В условиях, когда всеобщую войну невозможно рассматривать в качестве средства изменения существующего порядка, основные державы стремятся к тому, чтобы накопленное недовольство не привело к трагическим последствиям. В современной международной политике и революционные силы, и держава постоянного статуса впервые в истории не готовы к наступательным действиям, что иллюстрирует идею Джорджа Оруэлла из эссе 1945 г. «Ты и атомная бомба» о «мире, который не будет миром». Гарантированное взаимное уничтожение удерживает великие ядерные державы, а с ними и всех остальных, в пространстве, где дипломатия в классическом смысле не может работать, и решить проблему искажений в соотношении сил нельзя даже теоретически. Лидеры беспомощны в стратегическом отношении и вынуждены сводить свои действия (и тактического, и стратегического характера) к манёврам и решениям, имеющим значение только в момент их принятия.
То, что мы наблюдаем в отношениях России и Запада, – не создание нового порядка, а мучительная для всех, но неизбежно краткосрочная коррекция противоречий.В условиях стратегического клинча смысл имеет только тактическое маневрирование, необходимое для консолидации ресурсов на случай столкновения. Но оно не случится, поскольку убийственность ядерного оружия делает конфликт политически бессмысленным и нерациональным. Дипломаты, состоящие на службе своих политических лидеров, фиксируют траектории лавирования и колеблются вместе с линией, но не поддерживают порядок, как это было на протяжении последних столетий.

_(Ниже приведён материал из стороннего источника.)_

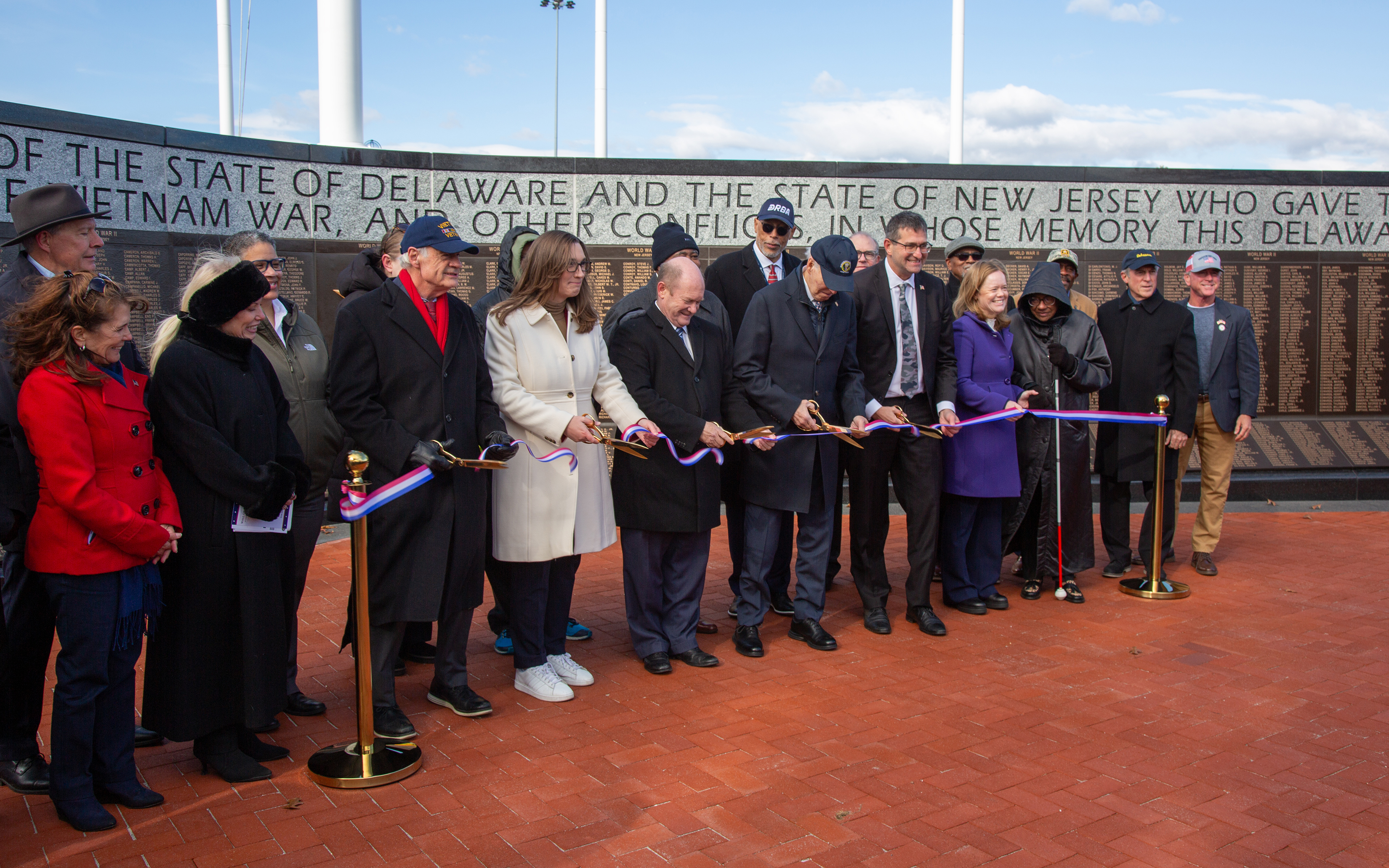 NEW CASTLE, Del. Today, Delaware River and Bay Authority (DRBA) officials joined with federal and state elected officials to commemorate the completion of the iconic Wall of Remembrance Memorial renovation project, located at Veterans Memorial Park adjacent to the Delaware Memorial Bridge. The $5 million, multi-phase project, which began in June 2024, significantly expanded the wall to ensure every serviceman and servicewoman from Delaware and New Jersey who perished in wars and conflicts from World War II to the present day is now recognized. Previously, the War Memorial Wall contained names from World War II and the Korean War only.

Поскольку легитимного всеобщего порядка нет и не может быть, дипломаты перестали говорить на одном языке – этот инструмент теряет значение в общении между основными державами. Он сохраняется только в рамках более узких региональных сообществ – группы либеральных демократий, объединённых в институты НАТО и Европейского союза, особой системы отношений России и Китая, постсоветского пространства, других объединений, про которые мы мало знаем. Когда представители разных сообществ встречаются между собой, то, как это ярко проявляется в случае России и Запада, общение исчерпывается обвинениями в отсутствии доброй воли и желания прийти к соглашению. Причина расхождений состоит не в том, что кто-то ведёт себя лицемерно. Ситуация куда трагичнее – все верят в свою правоту и – в отсутствие общепризнанного легитимного порядка – не допускают вероятности правоты оппонентов. Утеря связи оппонента с реальностью, если обратиться к формулировке министра иностранных дел России Сергея Лаврова, – продукт отсутствия даже теоретической возможности говорить на одном языке.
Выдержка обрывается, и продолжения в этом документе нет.